Correlation Between Union Insurance and Power Wind
Can any of the company-specific risk be diversified away by investing in both Union Insurance and Power Wind at the same time? Although using a correlation coefficient on its own may not help to predict future stock returns, this module helps to understand the diversifiable risk of combining Union Insurance and Power Wind into the same portfolio, which is an essential part of the fundamental portfolio management process.
By analyzing existing cross correlation between Union Insurance Co and Power Wind Health, you can compare the effects of market volatilities on Union Insurance and Power Wind and check how they will diversify away market risk if combined in the same portfolio for a given time horizon. You can also utilize pair trading strategies of matching a long position in Union Insurance with a short position of Power Wind. Check out your portfolio center. Please also check ongoing floating volatility patterns of Union Insurance and Power Wind.
Diversification Opportunities for Union Insurance and Power Wind
0.08 | Correlation Coefficient |
Significant diversification
The 3 months correlation between Union and Power is 0.08. Overlapping area represents the amount of risk that can be diversified away by holding Union Insurance Co and Power Wind Health in the same portfolio, assuming nothing else is changed. The correlation between historical prices or returns on Power Wind Health and Union Insurance is a relative statistical measure of the degree to which these equity instruments tend to move together. The correlation coefficient measures the extent to which returns on Union Insurance Co are associated (or correlated) with Power Wind. Values of the correlation coefficient range from -1 to +1, where. The correlation of zero (0) is possible when the price movement of Power Wind Health has no effect on the direction of Union Insurance i.e., Union Insurance and Power Wind go up and down completely randomly.
Pair Corralation between Union Insurance and Power Wind
Assuming the 90 days trading horizon Union Insurance Co is expected to generate 0.75 times more return on investment than Power Wind. However, Union Insurance Co is 1.33 times less risky than Power Wind. It trades about -0.01 of its potential returns per unit of risk. Power Wind Health is currently generating about -0.23 per unit of risk. If you would invest 3,225 in Union Insurance Co on September 14, 2024 and sell it today you would lose (35.00) from holding Union Insurance Co or give up 1.09% of portfolio value over 90 days.
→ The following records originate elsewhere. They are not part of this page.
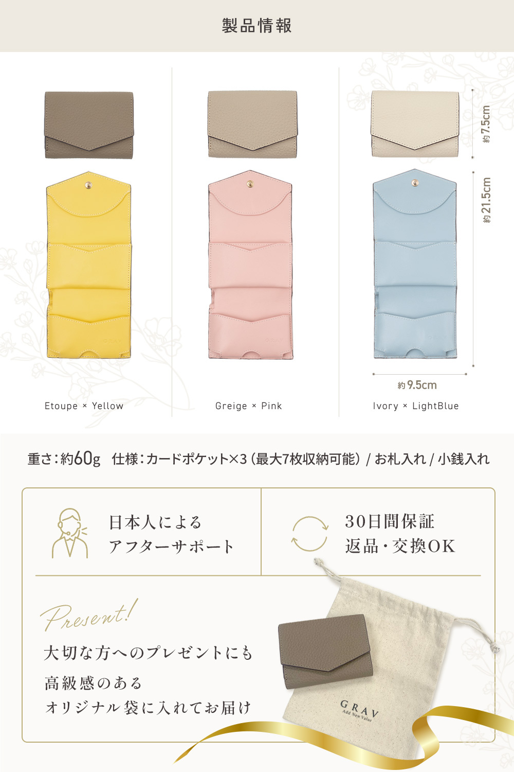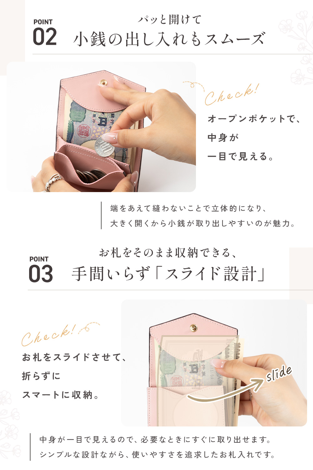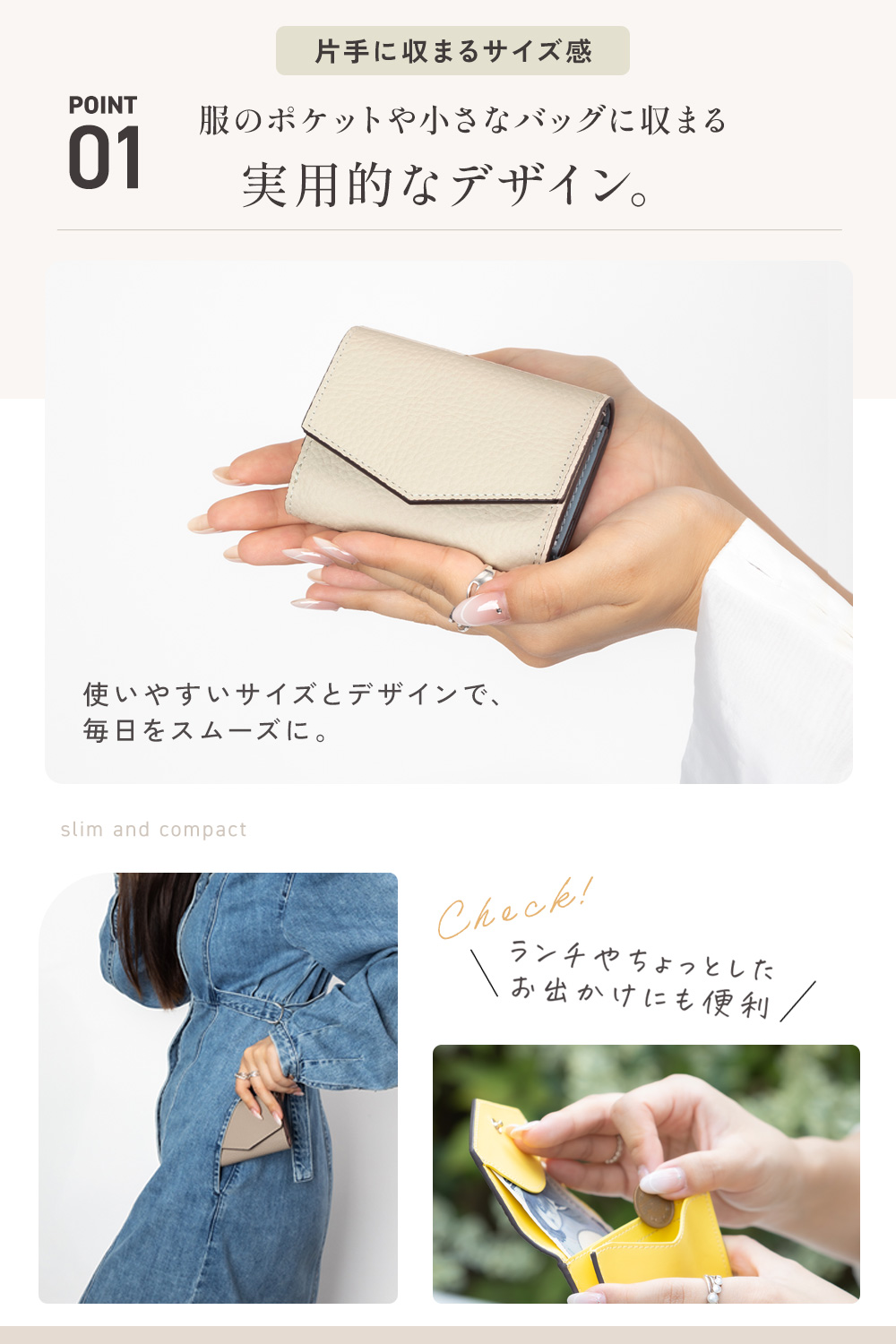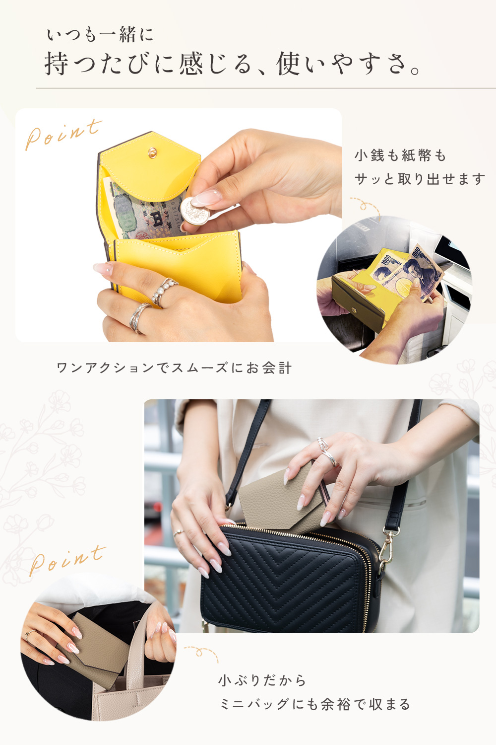 | POINT ・手に馴染むコンパクト感 ・お札を折らずに綺麗に収納 ・パッと取り出せる小銭入れ ・おしゃれで洗練されたバイカラー こんな方におすすめ ・キャッシュレス派だけど現金も持ち歩きたい ・ミニバッグでもかさばらない財布がほしい方 ・バイカラーでおしゃれな財布を探している方 小さいのに機能が充実。日常で頼りになる設計! 色のコントラストが生み出す印象的な美しさ♪ |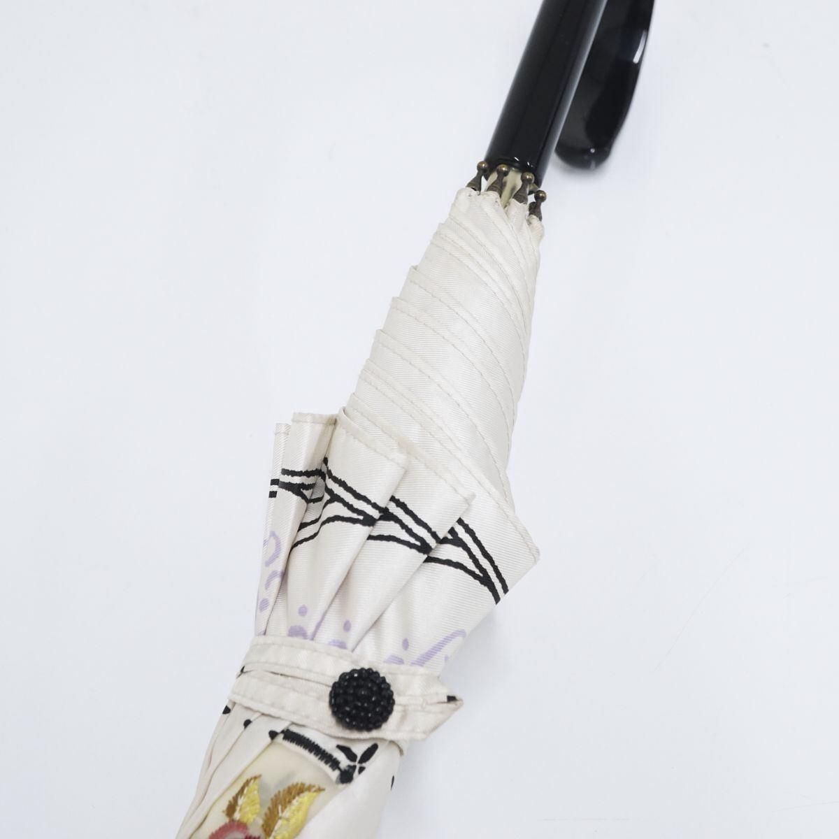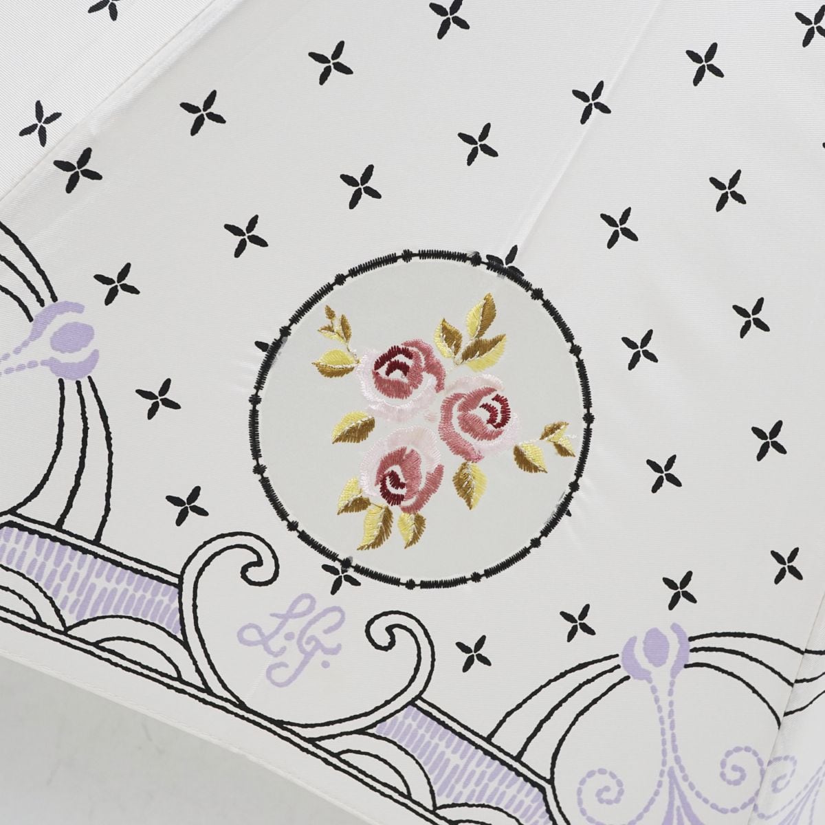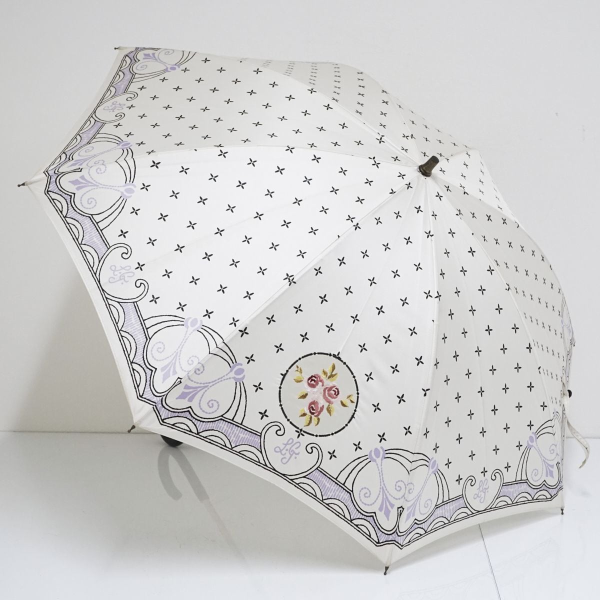 バラの刺繍やエレガントなプリントがおしゃれなパラソルです。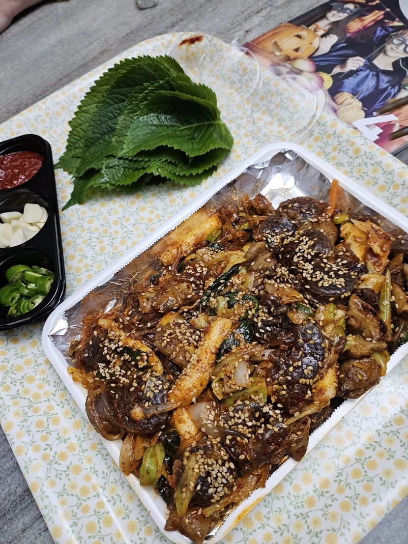 야식으로 순대곱창볶음 먹어요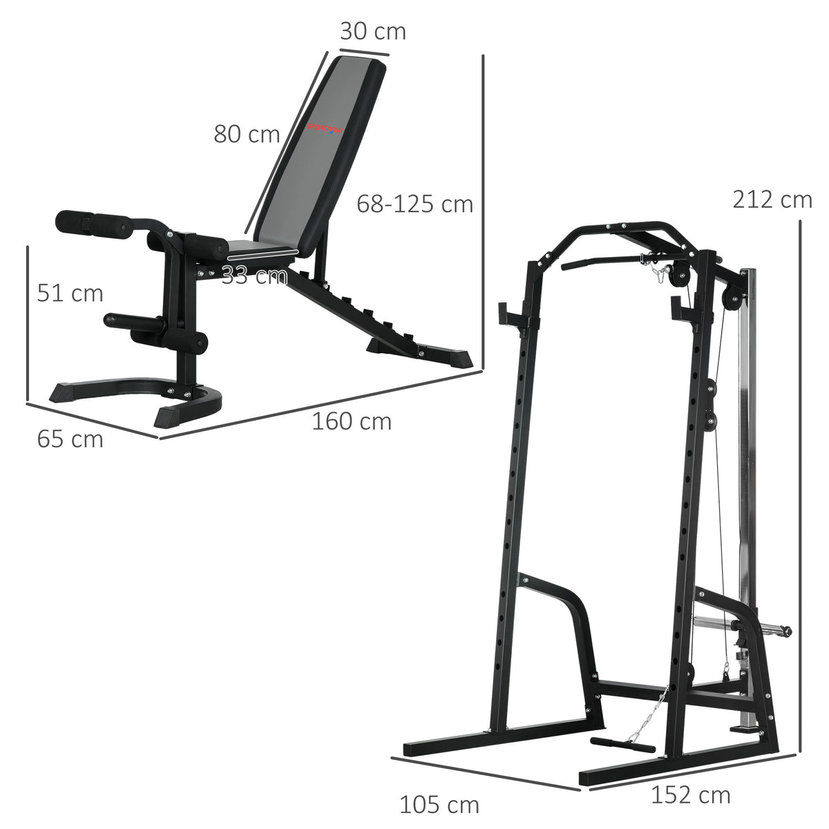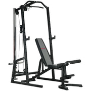 SPORTNOW Smith Machine & Cable Pulley System with Adjustable Weight Bench, Multifunction Home Gym Power Rack with Lat Pull Down System, Barbell Rack for Full Body Training, Black - Black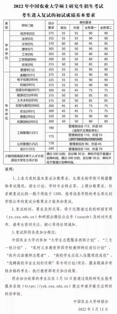 2022年中國農(nóng)大研考復試基本分數(shù)線發(fā)布院校動態(tài)
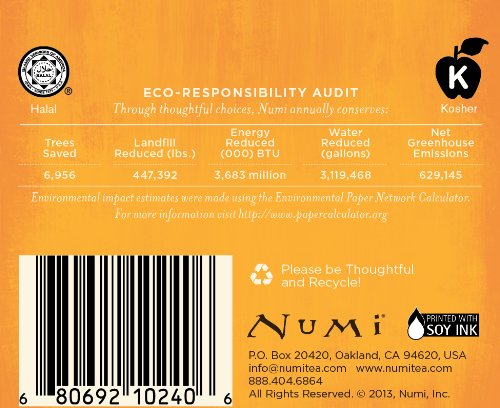 -. Feature : Case of six boxes, each box containing 16 double-chambered tea bags (total of 96 tea bags) / Made from 100% natural Pai Mu Tan tea, oranges, schizandra berries, and spices. Certified organic, fair trade, and kosher. / Smooth and delicate; luminous hue and enchanting fragrance / Certified Organic, Kosher and Halal / Ships in Certified Frustration-Free Packaging
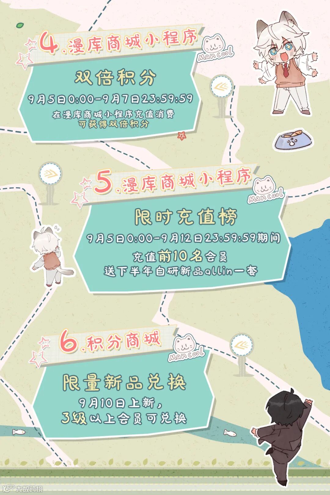 9月5日0:00-9月7日23:59:59,漫库商城充值消费双倍积分~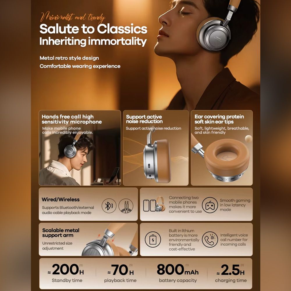 Bluetooth slusalice REMAX ANC RB-980HB braon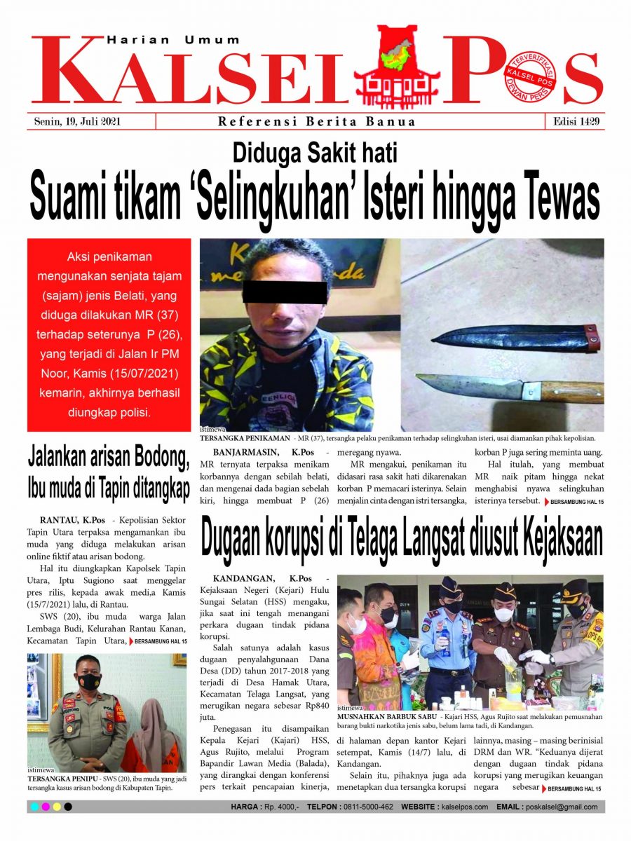 Diduga Sakit hati, Suami tikam ‘Selingkuhan’ Isteri hingga Tewas. Epaper Kalselpos 1429 Edisi Senin 19 Juli 2021

Time Period | 3 Months [change] |
Direction | Moves Together |
Strength | Insignificant |
Accuracy | 100.0% |
Values | Daily Returns |
Union Insurance Co vs. Power Wind Health
Performance |
Timeline |
Union Insurance |
Power Wind Health |
Union Insurance and Power Wind Volatility Contrast
Predicted Return Density |
Returns |
Pair Trading with Union Insurance and Power Wind
The main advantage of trading using opposite Union Insurance and Power Wind positions is that it hedges away some unsystematic risk. Because of two separate transactions, even if Union Insurance position performs unexpectedly, Power Wind can make up some of the losses. Pair trading also minimizes risk from directional movements in the market. For example, if an entire industry or sector drops because of unexpected headlines, the short position in Power Wind will offset losses from the drop in Power Wind's long position.Union Insurance vs. Central Reinsurance Corp | Union Insurance vs. Huaku Development Co | Union Insurance vs. Fubon Financial Holding | Union Insurance vs. Chailease Holding Co |
Power Wind vs. Feng Tay Enterprises | Power Wind vs. Pou Chen Corp | Power Wind vs. Taiwan Paiho | Power Wind vs. Ruentex Development Co |
Check out your portfolio center.Note that this page's information should be used as a complementary analysis to find the right mix of equity instruments to add to your existing portfolios or create a brand new portfolio. You can also try the Insider Screener module to find insiders across different sectors to evaluate their impact on performance.